Su questo aspetto si è incentrato parte del dibattito del pomeriggio, all’interno del quale diversi interventi (Antonio Guagliumi, Stefano Toppi, Dea Santonico) hanno sottolineato che se l’eucarestia è intesa soprattutto come sacrificio, è impensabile che non sia presieduta da un ministro ordinato ad hoc, perché il sacrificio esige che, a compierlo, vi sia un “sacerdote”, unico tramite tra l’umanità e Dio. Ma se al contrario si vive l’eucaristia come dono di Cristo all’assemblea-popolo di Dio convocato dalla parola di Gesù, la prospettiva cambia radicalmente.

E si può (e si deve) rimettere in discussione anche la necessità che ci sia qualcuno che la “presieda”. Sulla questione, cui è seguita la proposta di rendere non visibile il celebrante nella messa prevista il giorno successivo, Ruggeri ha sentito la necessità di intervenire, sottolineando che ci sono aspetti su cui è possibile discutere, come il nodo del ministero consacrato e delle donne prete, ma che è necessario che ci sia qualcuno alla presidenza dell’eucarestia per rendere visibile, seppure in modo simbolico, il primato di Cristo, «a cui la comunità si sottomette».
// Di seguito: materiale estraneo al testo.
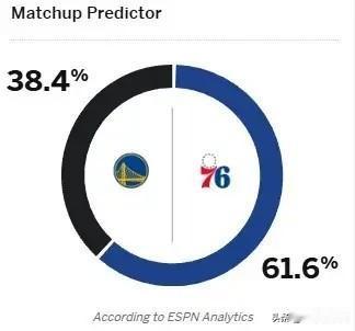 金州勇士又要输球了!明天勇士将会在客场挑战76人,今天ESPN对于明天这场比赛进行了一番预测,结果显示勇士获胜的概率仅有38.4%。 对于ESPN的预测结果,我举双手赞同,在库里因伤缺阵、巴特勒出战成疑的情况下,勇士想要击败76人简直是难如登天。

Durante la tavola rotonda di domenica: «L’eucarestia oggi: la ricerca di autenticità evangelica», Enrico Peyretti ha ripreso alcune delle questioni emerse nel dibattito del giorno precedente e della fase preparatoria dei lavori. Anzitutto ha ribadito il valore “politico” della eucarestia, come «antidoto alla concezione capitalistica della vita come competizione profittatrice ed escludente, come corsa ad eliminazione degli ultimi».

Per poi aggiungere che se «è vero che l’eucarestia non viene da noi ma è azione di Gesù tra noi, da riconoscere anche simbolicamente», forse ciò può avvenire «non necessariamente in forma scenografica». In questo senso, «la riforma liturgica conciliare ha fatto un passo decisivo staccando l’altare dal muro monumentale, girandolo verso il popolo», ma questo processo «deve proseguire mutando l’altare in mensa, tavola della cena, a cui il popolo, o la piccola comunità, accede sedendo attorno».
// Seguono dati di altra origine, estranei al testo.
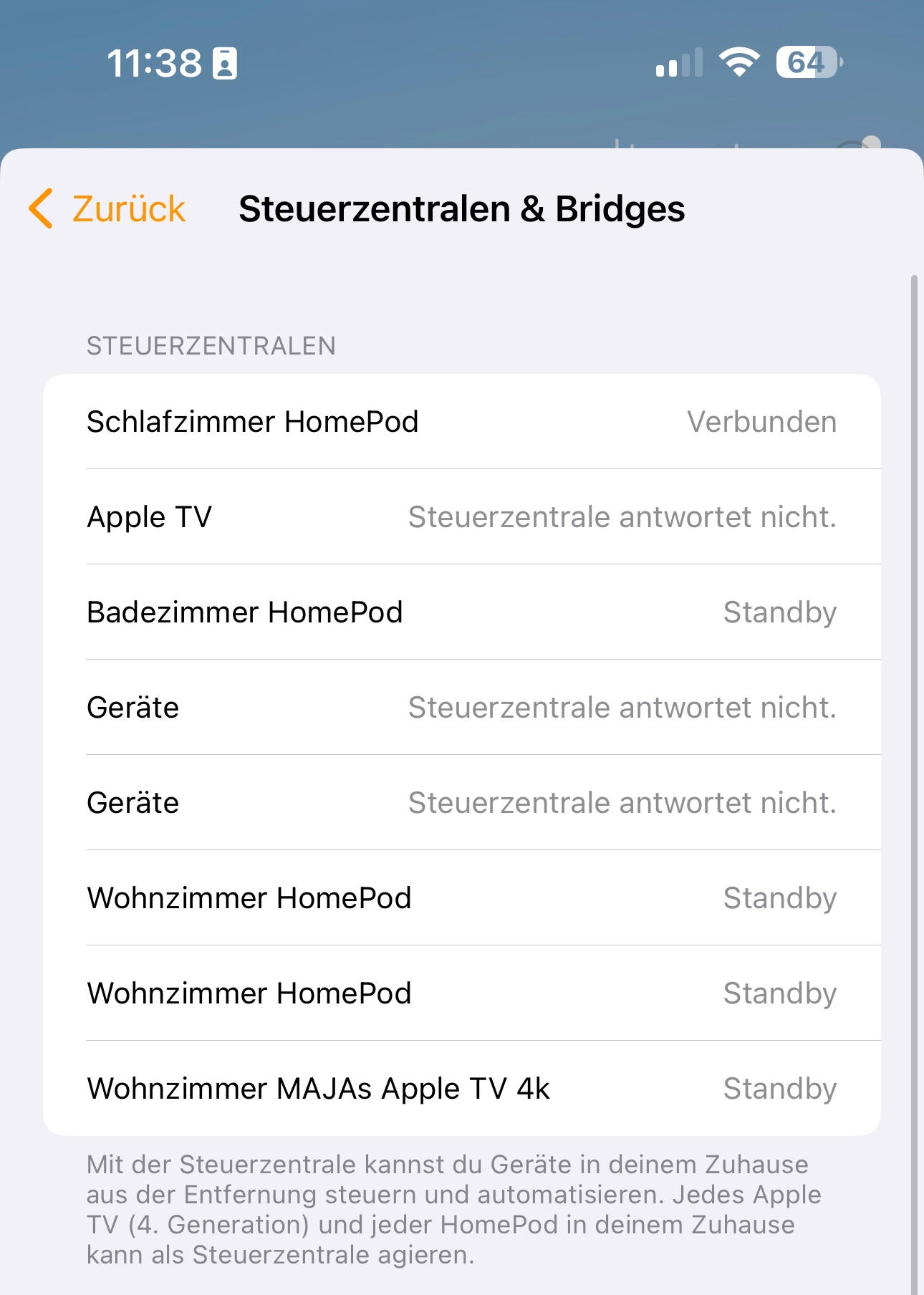 ich habe ein Problem mit meinem Homekit. In meinen Zuhause befinden sich Steuerzentralen, die nicht antworten, da ich diese Gerät gar nicht besitze. Sie werden mir auch nicht unter Geräten bzw. im Standardraum etc. angezeigt. Auch im Bereich iCloud unter Geräte finde ich diese Geräte bzw. das Apple TV nicht. Kennt jemand eine Lösung, die Steuerzentralen zu entfernen ohne das ganze Zuhause zu löschen und neu einzurichten?

Insomma, se c’è un ministro ordinato, o una presbitera («è vergognoso – ha detto Peyretti – che ci sia ancora tale questione sulle donne»), «cioè persone scelte e indicate come capaci di riunire nella cena di Cristo, pur senza pretesa di titolari esclusivi», che celebrino loro. «Ma, se un/a presbitero/a ordinati non ci sono, possiamo arrivare a capire che un gruppo di discepoli di Cristo può celebrare la cena di Gesù».

Sulla stessa scia anche l’intervento di Mauro Castagnaro, per il quale «l’elemento del “servizio” (ministeriale) dovrebbe essere determinante e non confondersi più con quello “sacerdotale” (di mediazione necessaria tra l’uomo e Dio).

E senza sottrarsi, come ricordava Giuseppe Barbaglio, alla duplice esigenza di “ridimensionare il ruolo del prete, riconducendolo all’interno della dinamica della complementarietà che presiede all’azione dei numerosi e diversi servizi” e “desacralizzare la sua persona e la sua azione, rimettendone in luce l’esatta funzione di guida della comunità”».